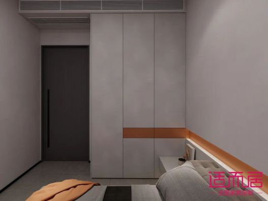男孩房,也是用新品凱曼石紋,有一種侘寂風的感覺,橙色元素點綴,灰色調,簡約素雅。床頭與柜體一起設計,更加整體。
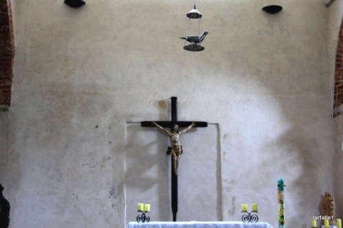Above the altar there is a silver dove with a golden feather in its wing. The silver represents Christ’s humanity, the golden feather his divinity.
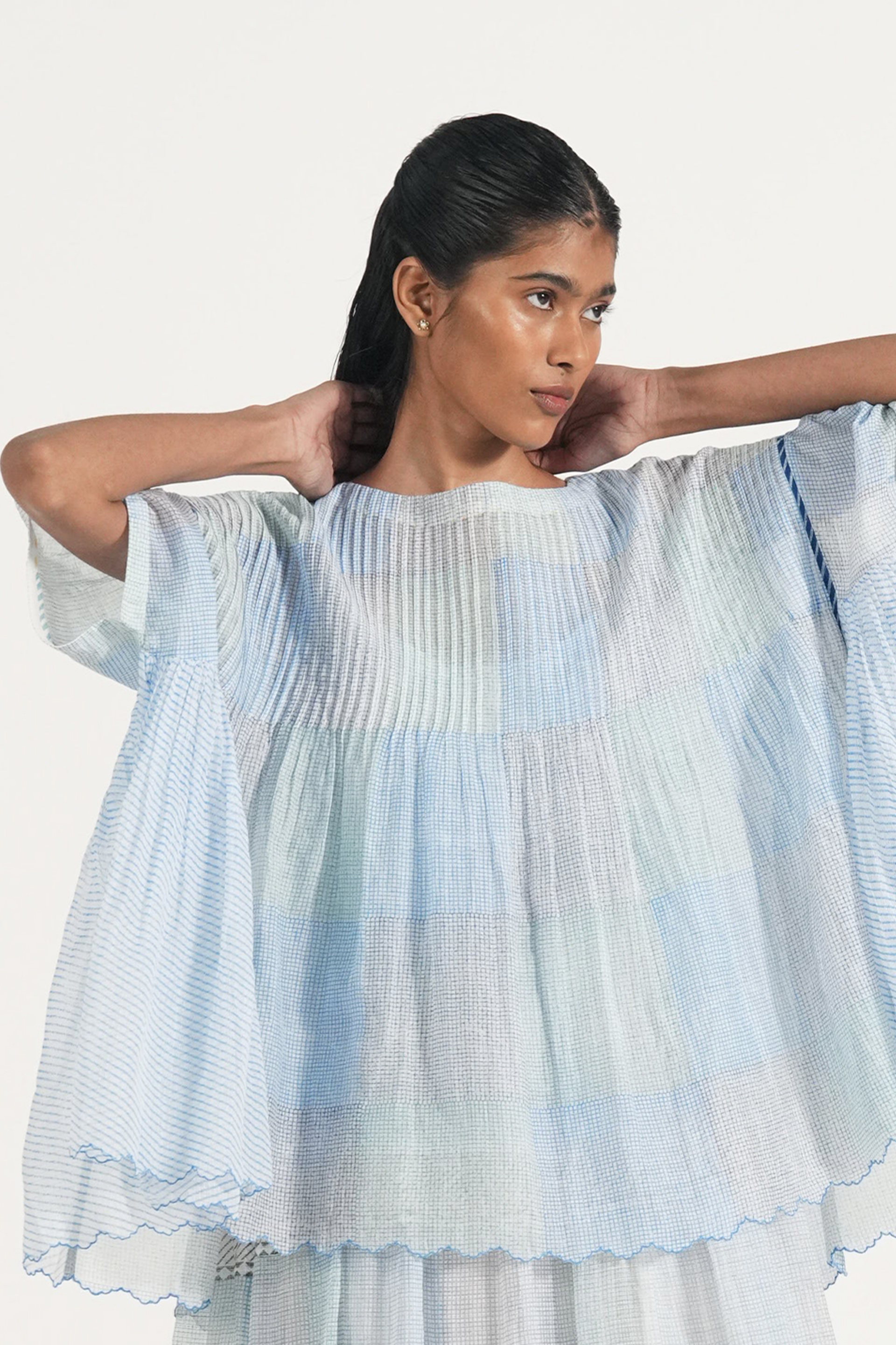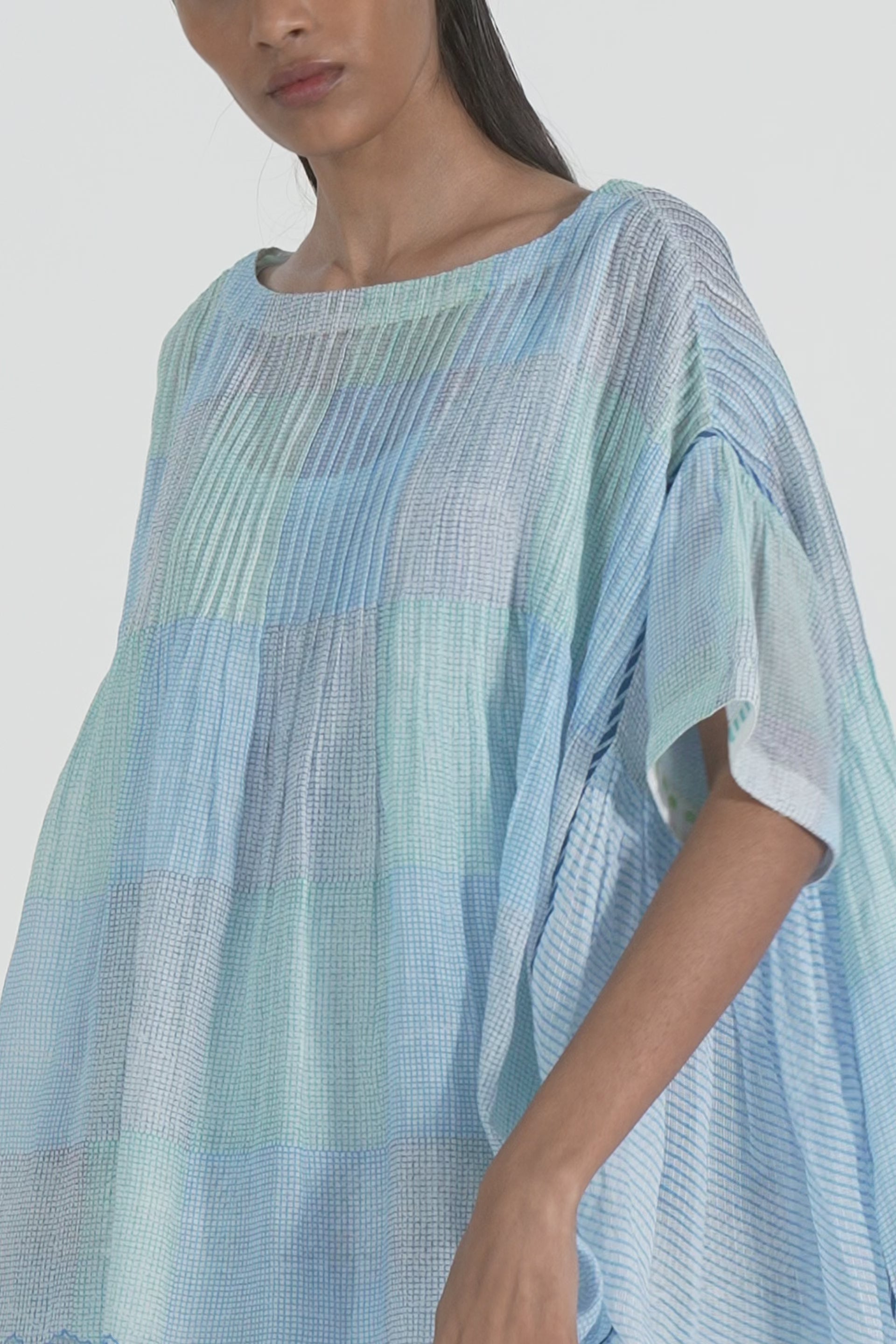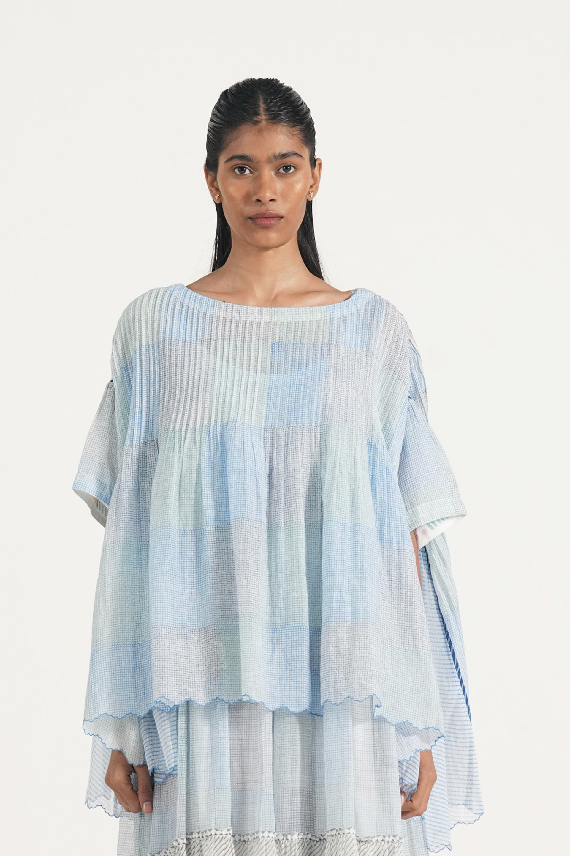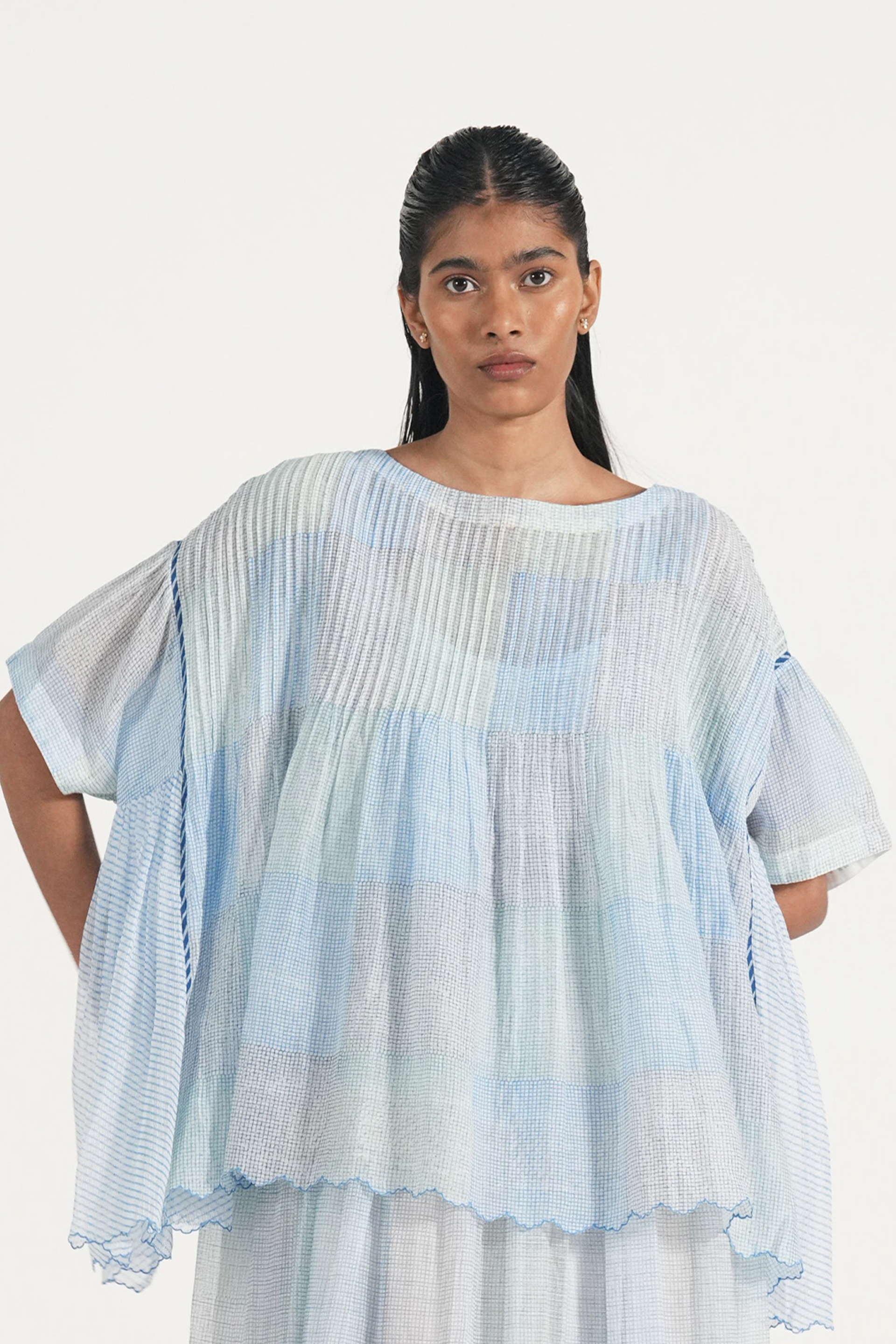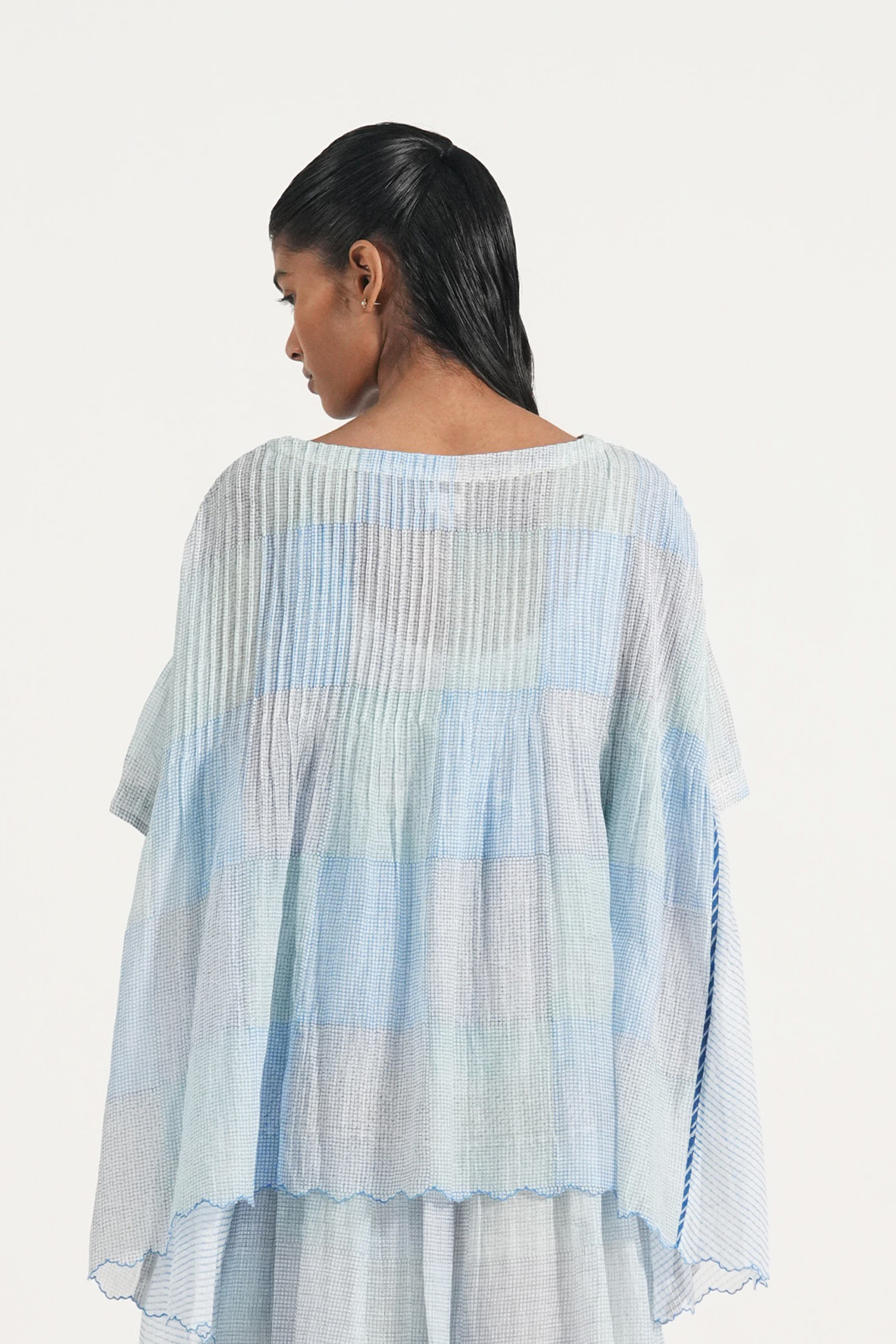 Relaxed fit pintuck top with hand block printed- multicolor checks. Comes with a complimentary lining.
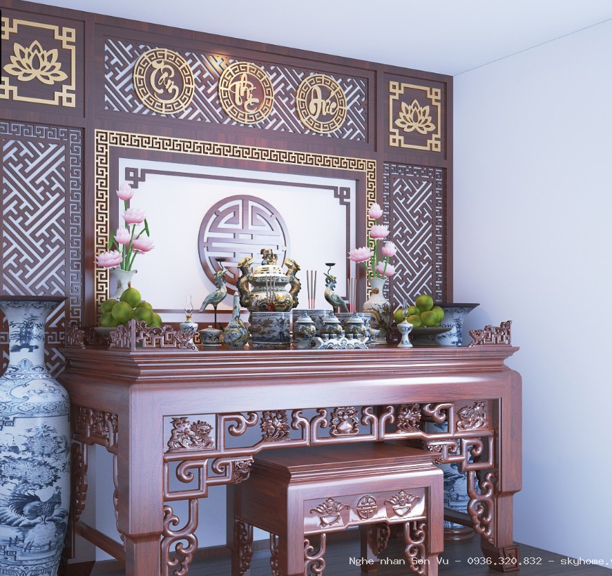 Bàn thờ gỗ hương đá mẫu chữ Phúc 2 ô kéo Được xếp hạng 5.00 5 sao tại Ba Đình
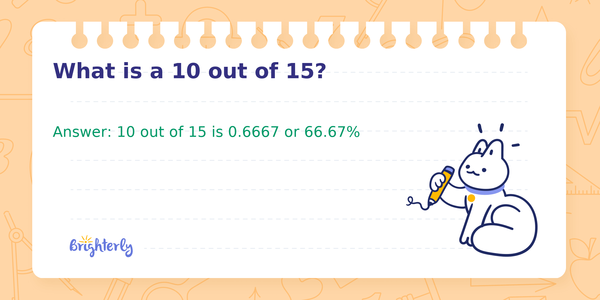 The question 'What is a 10 out of 15?' typically asks you to express the fraction 10/15 in other forms, such as a decimal or a percentage. Converting fractions to decimals and percentages is a fundamental math skill that helps you compare values and understand results in different formats.
·····
Write out again exactly the lines above from the one with "Above the altar" through the one with "Bàn thờ gỗ hương", adding no other lines and no pictures.

Above the altar there is a silver dove with a golden feather in its wing. The silver represents Christ’s humanity, the golden feather his divinity.
 Relaxed fit pintuck top with hand block printed- multicolor checks. Comes with a complimentary lining.
 Bàn thờ gỗ hương đá mẫu chữ Phúc 2 ô kéo Được xếp hạng 5.00 5 sao tại Ba Đình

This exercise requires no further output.